■ **Raw data**:
● ● ●

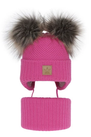 Winterset Mädchen: Mütze und Schlauchschal mit zwei Bommeln Rosa Minsi
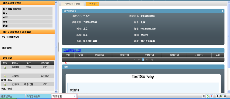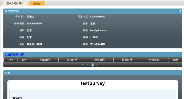 客户资料双击可以进行编辑修改。 【点击获取呼叫记录】,可以看到该客户与呼叫中心的所有联络记录。 如果用户设置了问卷,坐席需要客户配合完成该问卷。
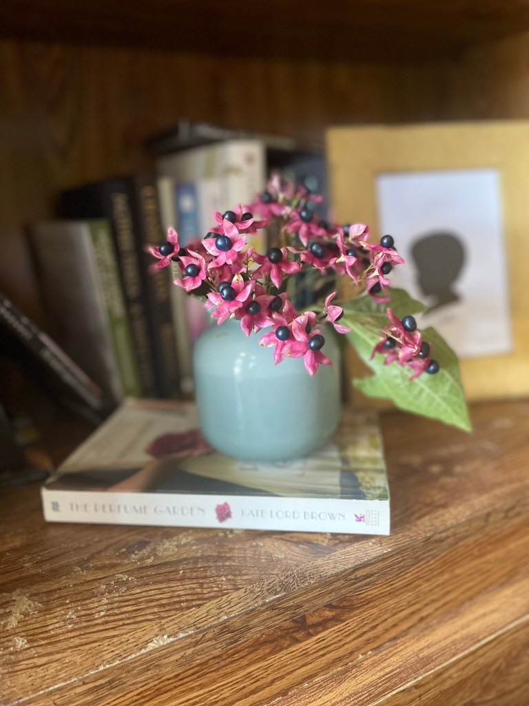 A flowering bush hidden by the fence is so exotic it seems more fit for another country. The blooms like tiny cups of strawberry buttercream on a tiny spoon, the center a plop of darkness.

● ● ●

■ **What you need to do**: Return the lines above exactly; the images are not part of the copy.

■ **Reply to the exercise**:
 Winterset Mädchen: Mütze und Schlauchschal mit zwei Bommeln Rosa Minsi
 客户资料双击可以进行编辑修改。 【点击获取呼叫记录】,可以看到该客户与呼叫中心的所有联络记录。 如果用户设置了问卷,坐席需要客户配合完成该问卷。
 A flowering bush hidden by the fence is so exotic it seems more fit for another country. The blooms like tiny cups of strawberry buttercream on a tiny spoon, the center a plop of darkness.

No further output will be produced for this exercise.